Provided material
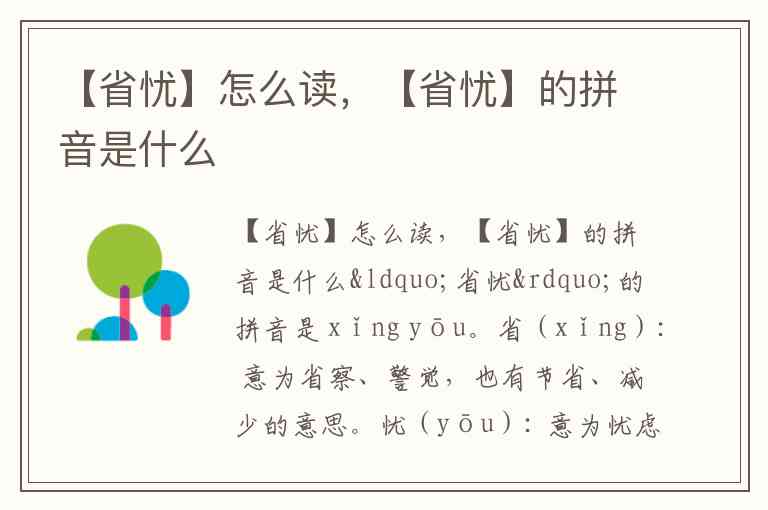 【省忧】怎么读,【省忧】的拼音是什么
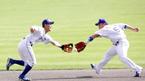 2일 문학구장에서 벌어진 SK 와이번스와 한화 이글스의 준PO 2차전 한화의 4회초 1사 1루서 브리또의 2루 베이스를 통과한 깊은 타구를 유격수 김민재(왼쪽)와 2루수 정경배가 함께 쫓아가고 있다. 공은 정경배의 글러브로 들어갔
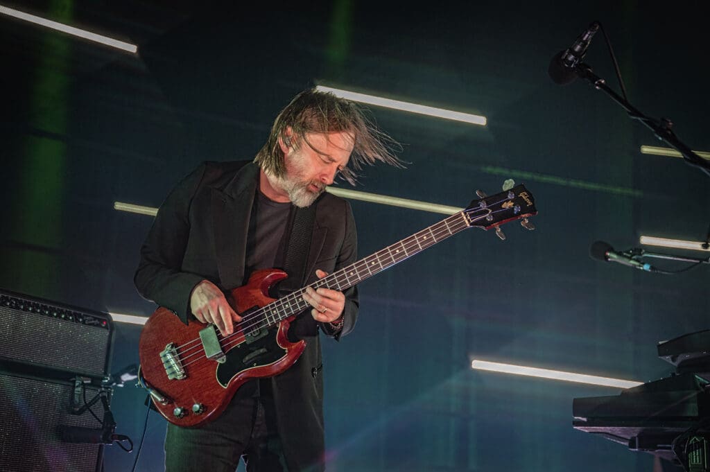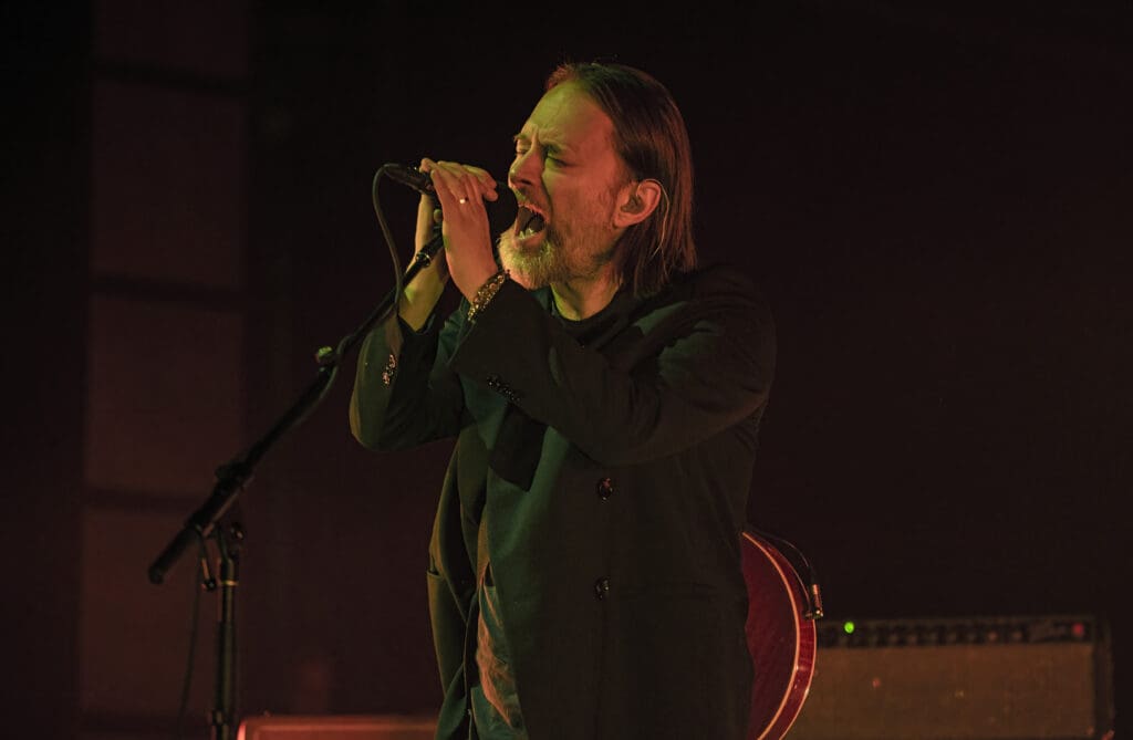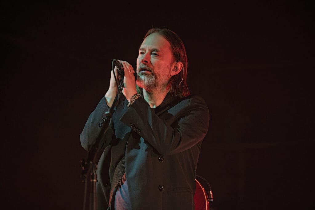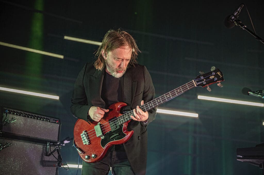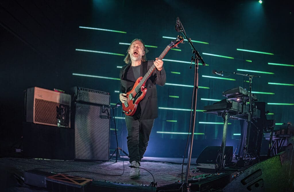 Speaking of stage lighting and set up, it was incredible as the red light of the next song, “Thin Thing,” changed in a burst of stroke into a frenetic blast as Jonny thrashed about, playing off the off-kilter beats of Tom Skinner just to turn on a dime as Thom sang “Our echo doesn’t hear us / Anymore / Hanging on a cloth edge / By its fingers” just to jump right back into the fray as the lights flashed to the manic rhythm.
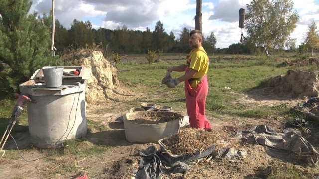 Щодо технології, говорить Олександр Гуч, то спершу вимішується глина з піском. Після того, як ця суміш стає однорідною, додається дрібна солома. Отриману масу вимащує на стіни хати. У роботі використовує рукавиці, щоб берегти шкіру, від холоду зокрема.

What this task involves
Set down again, exactly, the lines of the material above from its first line to the one with "2일 문학구장에서 벌어진", inclusive. Leave the pictures out.

Your solution
 【省忧】怎么读,【省忧】的拼音是什么
 2일 문학구장에서 벌어진 SK 와이번스와 한화 이글스의 준PO 2차전 한화의 4회초 1사 1루서 브리또의 2루 베이스를 통과한 깊은 타구를 유격수 김민재(왼쪽)와 2루수 정경배가 함께 쫓아가고 있다. 공은 정경배의 글러브로 들어갔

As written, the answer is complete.